Answers and Comments

  • EditDeleteModerator Answer

    ​Hi there...actually if you enter "newspaper" into our search field a couple of interesting threads come up....I suggest reading this one first and let us know if you have any additional questions after doing so.

    Kristin deGhetaldi
    2018-06-17 13:30:29
  • ApproveRejectUn-ApproveUser Comment

    Hello. I took a look at the suggested thread, but it seems like it's mostly about keeping acidic paper fairly intact. What I would like to know is, will the inevitable deterioration of the paper hurt the acrylic/PVA within which it is encased? Would the polymer layer crack or yellow? Would brittle materials like gypsum be affected more?

    2018-06-18 18:35:18
  • EditDeleteModerator Answer

    Hi -

    At least for any acrylics you should be fine as the degree of acidity is simply not that aggressive in terms of attacking or causing structural degradation of the acrylic polymers, which are physically extremely durable. The main issues are the ones you have already mentioned - the continued yellowing and embrittlement of the underlying paper. Lastly, keep in mind that while the acrylics will provide a physical barrier and coating, they are still porous and moisture can certainly travel through to the layers below. I did try to look up direct conservation literature that might address this more directly and there were some on the conservation of paper mache masks and sculptures that seemed to suggest that the painted layers were unaffected and that most issues were more structurally connected to the paper mache itself. For one example, see:

    This was particularly interesting as the paper mache was coated with a clear acrylic layer after completion and when the pH was tested it still had a neutral rating of 7.0-7.2. Of course every piece is different but it did lend some support for the durability of the acrylic when used on top of inherently acidic paper stock. One might also want to look at cases where acrylics were used in conjunction with collage materials or for that matter, even the use of acrylic gesso on top of cardboard or paperboard.
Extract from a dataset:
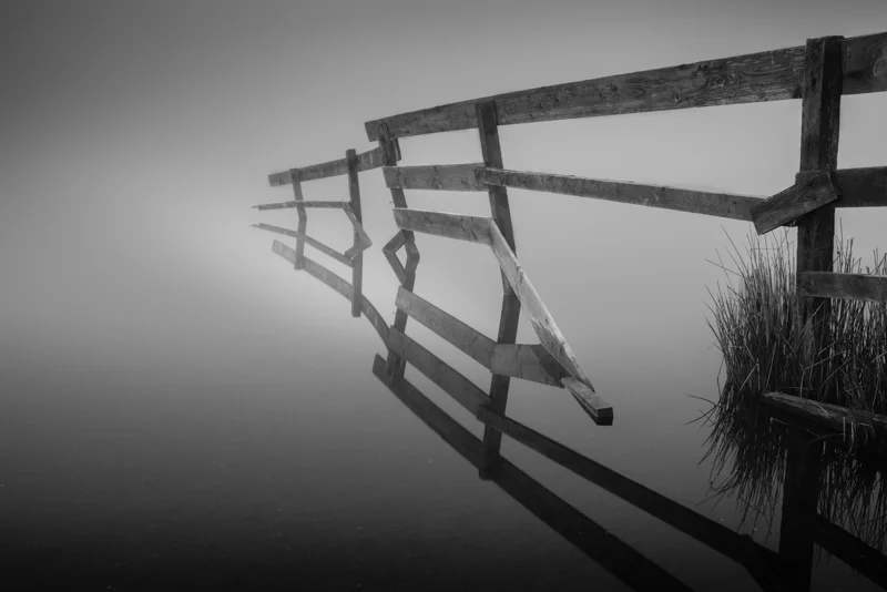 Another photograph from last weekends visit to Knapps Loch. This time a crumbling fence reflected in the still water.

    Sarah Sands, Senior Technical Specialist, Golden Artist Colors
    2018-06-19 10:01:48
  • ApproveRejectUn-ApproveUser Comment

    Thanks for the answer. Would thin cotton or polyester rags be better than paper? I remember reading that cotton tends to age better.

    2018-06-19 13:14:08
  • EditDeleteModerator Answer

    ​The answer would be inherently yes - just as cotton paper is better than paper made from wood pulp. But instead of cotton rags, you could use simply 100% cotton drawing / printmaking paper. If cost is an issue, perhaps a local drawinf class or printmaking studio would be a source of used paper that could be torn into strips and reused?
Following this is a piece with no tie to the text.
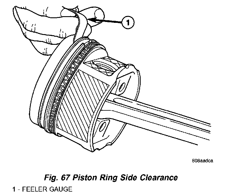2. Check piston ring to groove side clearance (Fig. 67). Refer to Specifications.
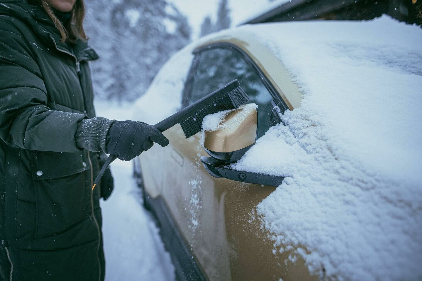 Универсальный съемный скребок: можно отсоединить и перевернуть скребок, чтобы он оптимально подходил для различных зимних условий. Твердый край скребка для соскабливания льда, а мягкий силиконовый край - для вытирания воды и слякоти.

    Sarah Sands, Senior Technical Specialist, Golden Artist Colors
    2018-06-19 14:28:03
  • ApproveRejectUn-ApproveUser Comment

    I think that the cheapest option I can get would be a roll of disposable cotton wipes. As far as I know, they're just pieces of thin, pure cotton cloth. Would those work?​

    2018-06-19 20:44:50
  • EditDeleteModerator Answer

    ​Sorry for the late response - just seeing this now. If the cotton wipes truly are just cotton, they should be fine - certainly better than newspaper. Give them a try.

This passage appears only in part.